Чтобы ночь со мной боролась,
Ночь сама!
Я несусь, – за мною пасти,
Я смеюсь, – в руках аркан…
Чтобы рвал меня на части
Ураган!
Чтобы все враги – герои!
Чтоб войной кончался пир!
Чтобы в мире было двое:
Я и мир!
(СП, 47)
Концовка этого стихотворения отозвалась в 1929 году в очерке «Наталья Гончарова»: «История моих правд – вот детство. История моих ошибок – вот юношество. Обе ценны, первая как Бог и я, вторая как я и мир» (СС4, 80). «Детство – пора слепой правды, юношество – зрячей ошибки, иллюзии. По юношеству никого не суди» (СС4, 79), – варьировала Цветаева эту же мысль чуть выше. Хотя 1913–1915 годы, конечно, не являются в точном смысле слова юношеским периодом в жизни Цветаевой, именно «Юношескими стихами» назвала она впоследствии сборник этих лет, так и не вышедший при ее жизни100. Работая над очерком «Наталья Гончарова» в конце 1920‐х годов, Цветаева, скорее всего, проецировала свои слова не только на «юность» вообще, но и на тот период собственной творческой биографии, который отражен в этом сборнике.
Его название, впрочем, зафиксировало уже ретроспективную оценку этого творческого этапа. Сборник составлялся в первой половине 1920 года, и все пережитое в революционные годы делало период 1913–1915 годов психологически куда более далеким, чем об этом говорила фактическая хронология. Это ощущение огромности дистанции между собой тогда и теперь Цветаева, вероятно, и вложила в название сборника. Возрастной отпечаток, интонационный и тематический, лежавший на многих стихах этого периода, дополнился навсегда на них оттиснутой печатью иной эпохи, ставшей почти в одночасье невозвратно далекой, т. е. «юношеской».
«Юношеские стихи» представляют один из самых драматичных периодов не только человеческой, но именно литературной биографии Цветаевой. Если «Вечерний альбом», по замечанию Волошина, имел особую «документальную важность» как книга, «принесенная из тех лет, когда обычно слово еще недостаточно послушно, чтобы верно передать наблюдение и чувство»101, то «Юношеские стихи» – это сборник, в котором на глазах читателя разворачивается процесс поиска автором своего стиля, процесс сознательного отбора своего поэтического инструментария. Спонтанная «вне-литературность» установки Цветаевой (в описанном выше смысле) ослабляет ее рефлексию над такими категориями, как оригинальность, подражательность, тавтологичность. Это легко позволяет ей идти по пути самоповторений и «общих мест» текущей поэтической и интеллектуальной моды – до того момента, пока копившийся потенциал творческого прорыва не «взрывает» ее творческую манеру.

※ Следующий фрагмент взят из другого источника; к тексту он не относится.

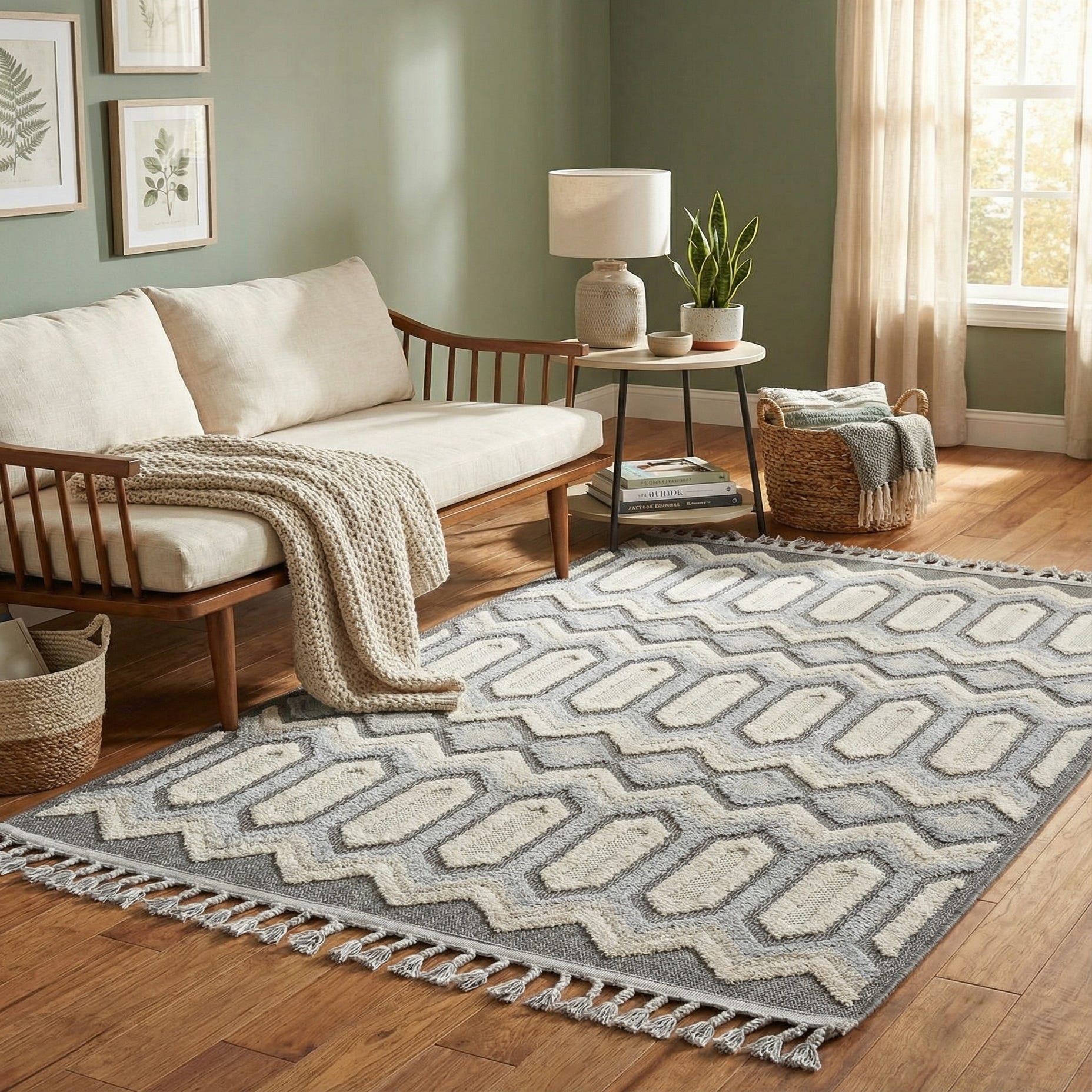 Pairs naturally with modern and transitional interiors—place it under a small seating arrangement, in an entryway, or at the foot of a bed to define a zone and introduce pattern without heavy color. It complements light wood or painted furniture, metal or matte-black fixtures, and neutral upholstery, and provides a strong contrast in softer, warmer schemes thanks to the Charcoal background and muted Beige and Gray palette.

Внутренний сюжет «Юношеских стихов» предопределяется той исходной позицией, которую декларировал автор стихотворения «Дикая воля». Самоутверждение перед лицом мира переходит в стремление включить мир в свою орбиту; неподчинение мира, автономность его законов по отношению к воле отдельного человека образует ядро конфликта; признание власти над собой тех сил, о существовании которых прежде не подозревал, отмечает финал.
Если справедливо назвать время «Юношеских стихов» периодом «зрячей ошибки, иллюзии» в жизни автора, то источник ее – более эпохальный, чем личный. Цветаева вообще обнаруживает в стихах этих лет куда бóльшую, чем прежде, зависимость от интеллектуальных веяний времени. Сама «безудержность эгоцентризма»102, с которой начинает автор «Юношеских стихов», есть уже первая примета этой зависимости. В этом эгоцентризме воплощается один из характерных комплексов эпохи – романтическая тема состязания «сильной личности» с законами и обычаями мира, понятая через ницшеанский код. Связанный с ней мотив непримиримой противоположности смертного человека и вечного мира (из которой рождалась идея Ницше о необходимости «преодоления человека» и о «сверхчеловеке»), вдохновляет Цветаеву на многочисленные поэтические опыты. О духе «аристократического индивидуализма», «нашедшего самого крайнего и самого прекрасного выразителя в лице Фридриха Ницше»103, Цветаева должна была слышать от Эллиса еще раньше. Однако время для ее собственного «ницшеанства» наступило только теперь, в 1913 году.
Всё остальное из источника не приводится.